Supplied material:

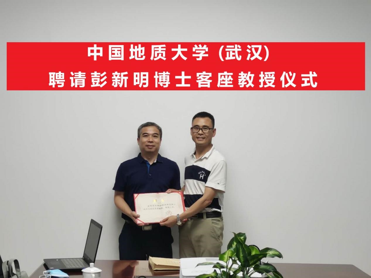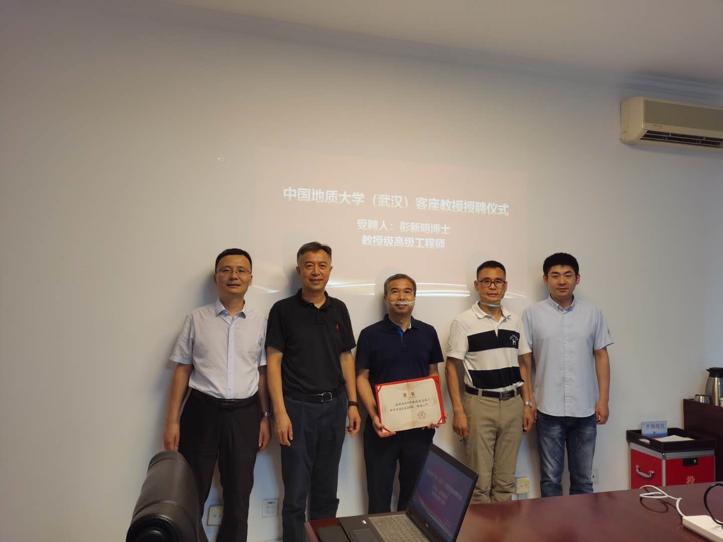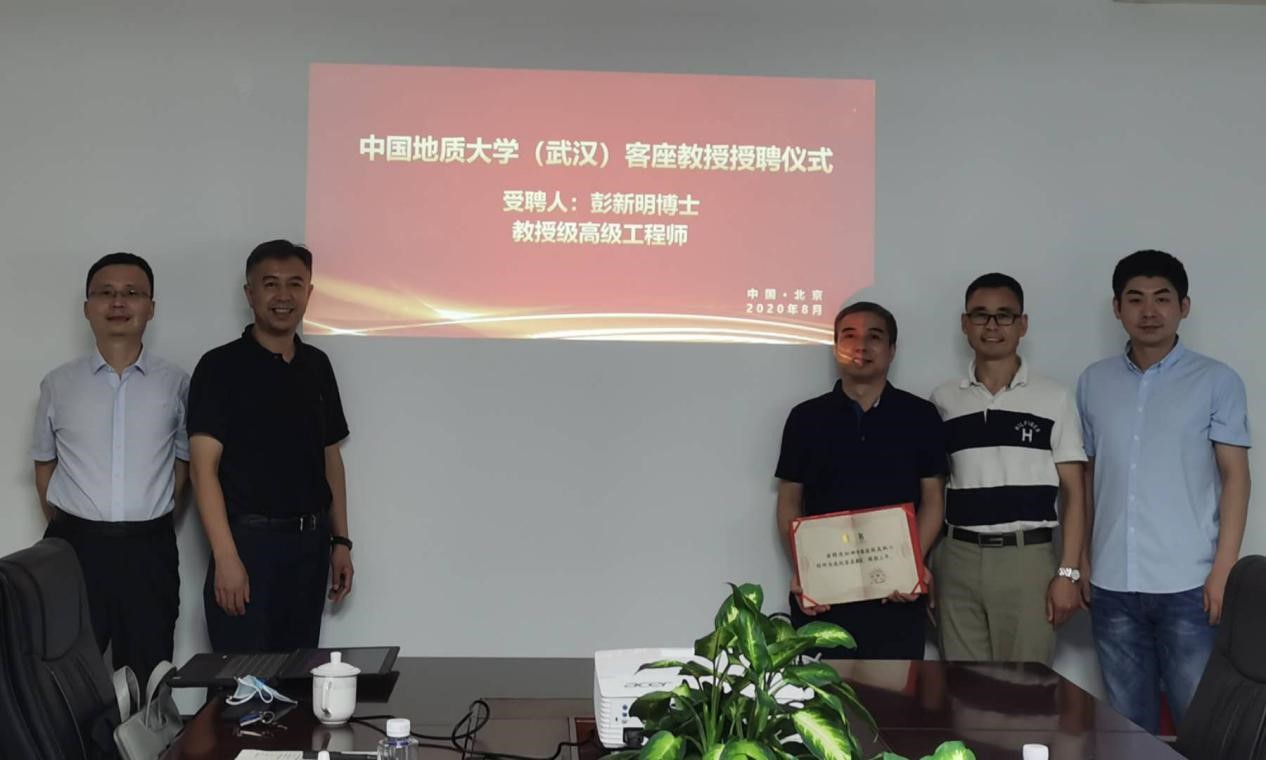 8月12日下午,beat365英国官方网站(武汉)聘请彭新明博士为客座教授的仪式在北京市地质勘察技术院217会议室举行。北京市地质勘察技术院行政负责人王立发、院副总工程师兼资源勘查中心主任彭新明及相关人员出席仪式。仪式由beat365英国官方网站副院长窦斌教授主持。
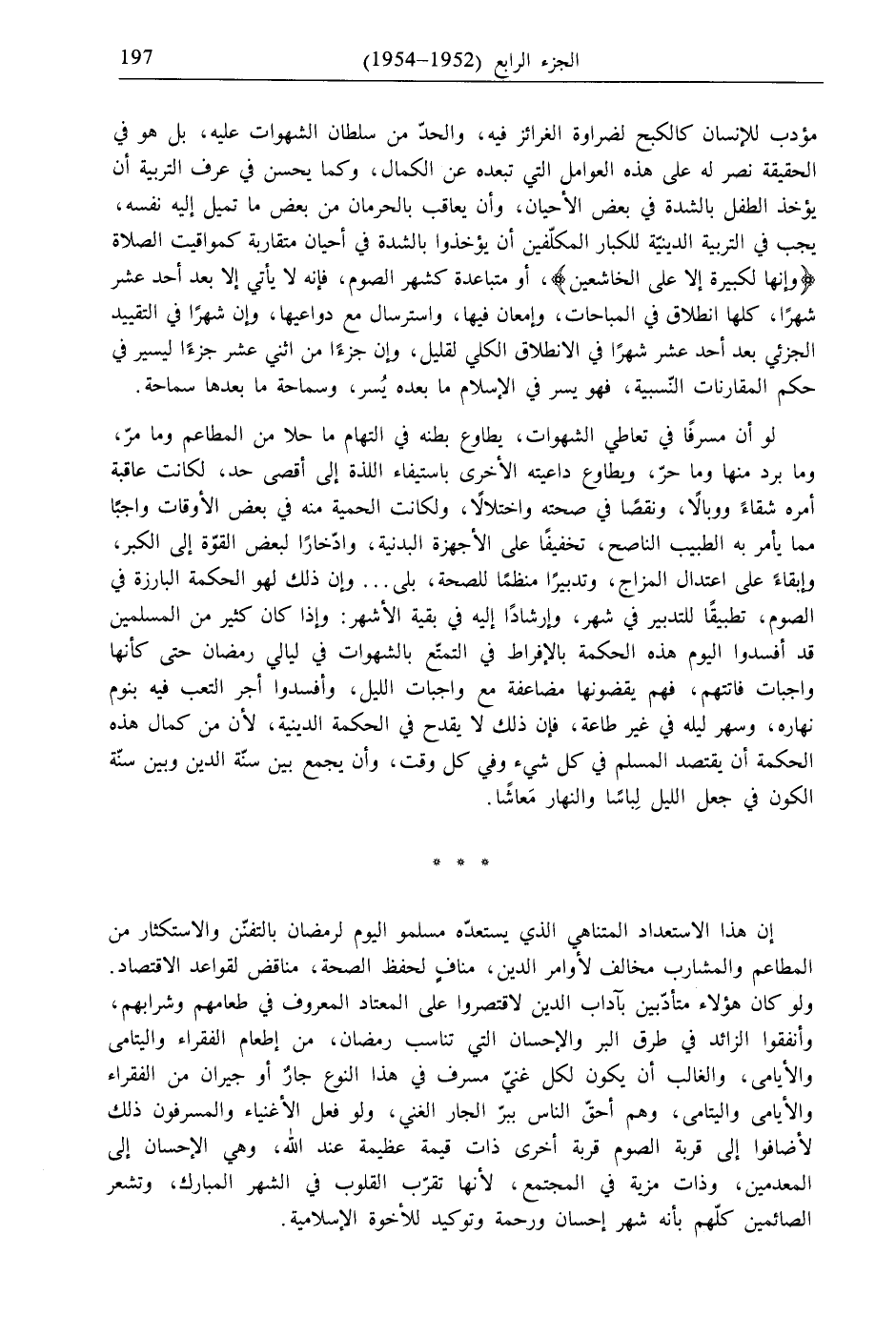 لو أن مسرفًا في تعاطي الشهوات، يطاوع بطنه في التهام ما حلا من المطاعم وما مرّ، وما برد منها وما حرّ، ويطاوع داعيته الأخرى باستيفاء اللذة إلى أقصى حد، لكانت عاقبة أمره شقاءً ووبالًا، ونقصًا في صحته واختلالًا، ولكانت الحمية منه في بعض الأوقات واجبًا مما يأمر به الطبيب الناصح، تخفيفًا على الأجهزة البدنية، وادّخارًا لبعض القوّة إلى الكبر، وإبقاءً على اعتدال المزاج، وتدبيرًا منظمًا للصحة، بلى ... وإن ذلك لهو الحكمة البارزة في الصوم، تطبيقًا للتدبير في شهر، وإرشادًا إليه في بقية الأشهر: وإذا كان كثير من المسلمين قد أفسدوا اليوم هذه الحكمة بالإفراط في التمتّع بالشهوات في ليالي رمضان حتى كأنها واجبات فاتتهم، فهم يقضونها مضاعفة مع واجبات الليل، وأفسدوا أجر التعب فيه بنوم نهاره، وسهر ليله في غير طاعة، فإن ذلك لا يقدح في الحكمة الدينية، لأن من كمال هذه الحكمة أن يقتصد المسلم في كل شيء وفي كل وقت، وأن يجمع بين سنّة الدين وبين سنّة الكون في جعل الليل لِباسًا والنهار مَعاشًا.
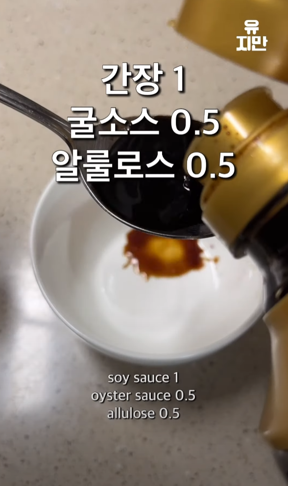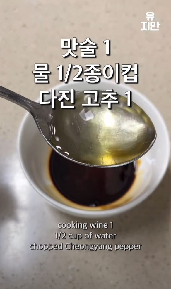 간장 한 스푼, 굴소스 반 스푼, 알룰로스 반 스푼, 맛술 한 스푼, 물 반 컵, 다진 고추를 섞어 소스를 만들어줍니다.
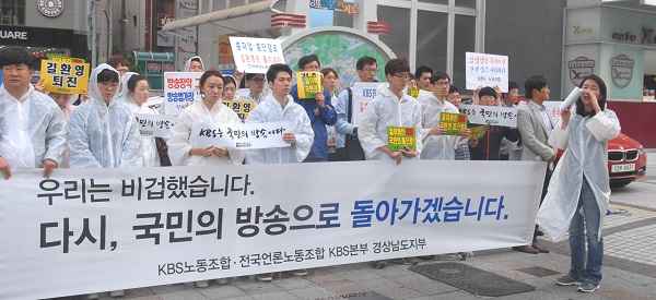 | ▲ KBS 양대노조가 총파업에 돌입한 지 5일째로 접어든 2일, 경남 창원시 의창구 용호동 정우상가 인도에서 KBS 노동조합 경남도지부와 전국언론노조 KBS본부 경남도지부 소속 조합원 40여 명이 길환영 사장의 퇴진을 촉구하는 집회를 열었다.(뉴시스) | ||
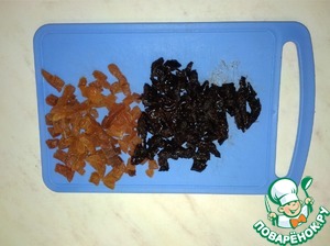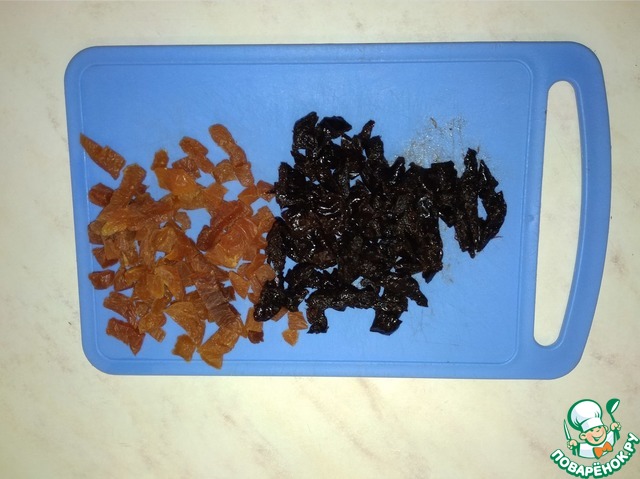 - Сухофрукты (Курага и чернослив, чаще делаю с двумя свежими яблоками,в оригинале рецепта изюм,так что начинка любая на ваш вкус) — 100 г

==

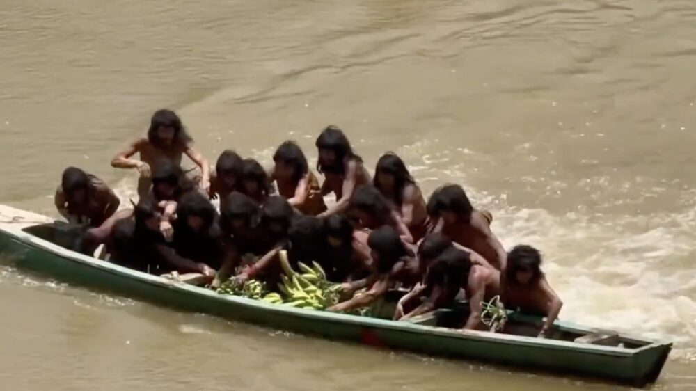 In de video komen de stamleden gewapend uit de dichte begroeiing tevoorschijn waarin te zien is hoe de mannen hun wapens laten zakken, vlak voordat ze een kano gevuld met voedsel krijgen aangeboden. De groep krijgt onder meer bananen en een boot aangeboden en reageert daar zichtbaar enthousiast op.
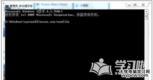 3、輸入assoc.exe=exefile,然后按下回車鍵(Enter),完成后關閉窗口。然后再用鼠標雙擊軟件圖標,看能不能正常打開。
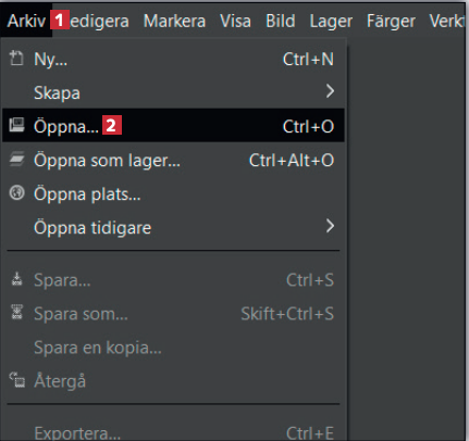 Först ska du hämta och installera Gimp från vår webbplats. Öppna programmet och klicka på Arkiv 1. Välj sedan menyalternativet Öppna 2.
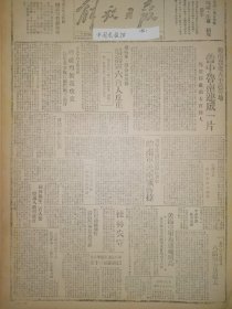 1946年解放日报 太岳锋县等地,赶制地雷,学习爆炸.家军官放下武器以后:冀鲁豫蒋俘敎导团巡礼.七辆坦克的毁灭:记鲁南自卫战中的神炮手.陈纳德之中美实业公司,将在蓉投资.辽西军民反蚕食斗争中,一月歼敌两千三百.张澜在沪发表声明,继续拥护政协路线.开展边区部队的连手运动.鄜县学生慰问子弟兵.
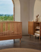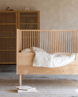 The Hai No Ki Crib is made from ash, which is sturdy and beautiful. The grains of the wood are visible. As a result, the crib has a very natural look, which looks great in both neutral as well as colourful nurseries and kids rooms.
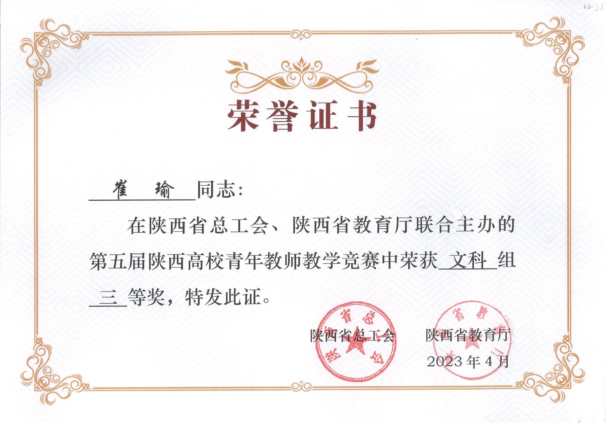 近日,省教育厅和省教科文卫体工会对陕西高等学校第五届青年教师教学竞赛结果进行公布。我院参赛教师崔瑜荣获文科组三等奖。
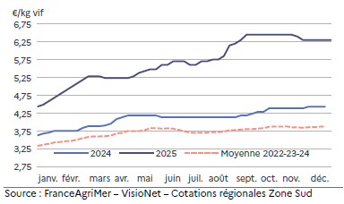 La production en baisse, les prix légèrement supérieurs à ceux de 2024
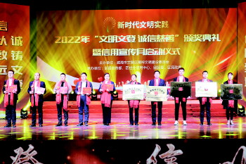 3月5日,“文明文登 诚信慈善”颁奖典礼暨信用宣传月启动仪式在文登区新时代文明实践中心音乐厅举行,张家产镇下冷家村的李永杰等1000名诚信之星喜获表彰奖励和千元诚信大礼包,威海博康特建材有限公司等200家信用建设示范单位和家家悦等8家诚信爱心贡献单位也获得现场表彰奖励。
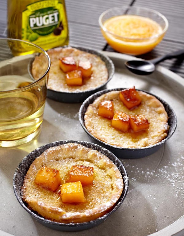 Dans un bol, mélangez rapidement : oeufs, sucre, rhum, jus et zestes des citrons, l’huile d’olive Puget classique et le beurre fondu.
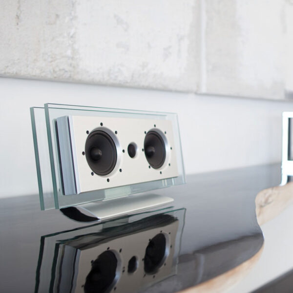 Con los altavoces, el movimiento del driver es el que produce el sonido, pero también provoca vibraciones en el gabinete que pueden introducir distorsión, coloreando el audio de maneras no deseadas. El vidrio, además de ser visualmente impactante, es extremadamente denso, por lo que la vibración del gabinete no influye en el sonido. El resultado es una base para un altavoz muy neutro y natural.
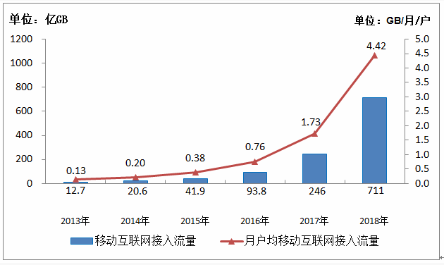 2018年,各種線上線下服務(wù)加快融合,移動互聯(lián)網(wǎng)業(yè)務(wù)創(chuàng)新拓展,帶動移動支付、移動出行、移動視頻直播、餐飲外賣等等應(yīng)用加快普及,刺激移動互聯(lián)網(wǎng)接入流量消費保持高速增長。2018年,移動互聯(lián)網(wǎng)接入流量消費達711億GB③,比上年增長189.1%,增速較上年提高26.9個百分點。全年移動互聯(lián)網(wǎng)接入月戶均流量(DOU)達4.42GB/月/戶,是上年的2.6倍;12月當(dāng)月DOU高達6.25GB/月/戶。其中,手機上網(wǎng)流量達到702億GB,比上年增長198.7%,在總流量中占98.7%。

What to do: Copy everything above from the line holding "간장 한 스푼, 굴소스" down to the line holding "- Сухофрукты (Курага", both ends included, exactly as it stands and without the pictures.

Solved problem:
 간장 한 스푼, 굴소스 반 스푼, 알룰로스 반 스푼, 맛술 한 스푼, 물 반 컵, 다진 고추를 섞어 소스를 만들어줍니다.
 | ▲ KBS 양대노조가 총파업에 돌입한 지 5일째로 접어든 2일, 경남 창원시 의창구 용호동 정우상가 인도에서 KBS 노동조합 경남도지부와 전국언론노조 KBS본부 경남도지부 소속 조합원 40여 명이 길환영 사장의 퇴진을 촉구하는 집회를 열었다.(뉴시스) | ||
 - Сухофрукты (Курага и чернослив, чаще делаю с двумя свежими яблоками,в оригинале рецепта изюм,так что начинка любая на ваш вкус) — 100 г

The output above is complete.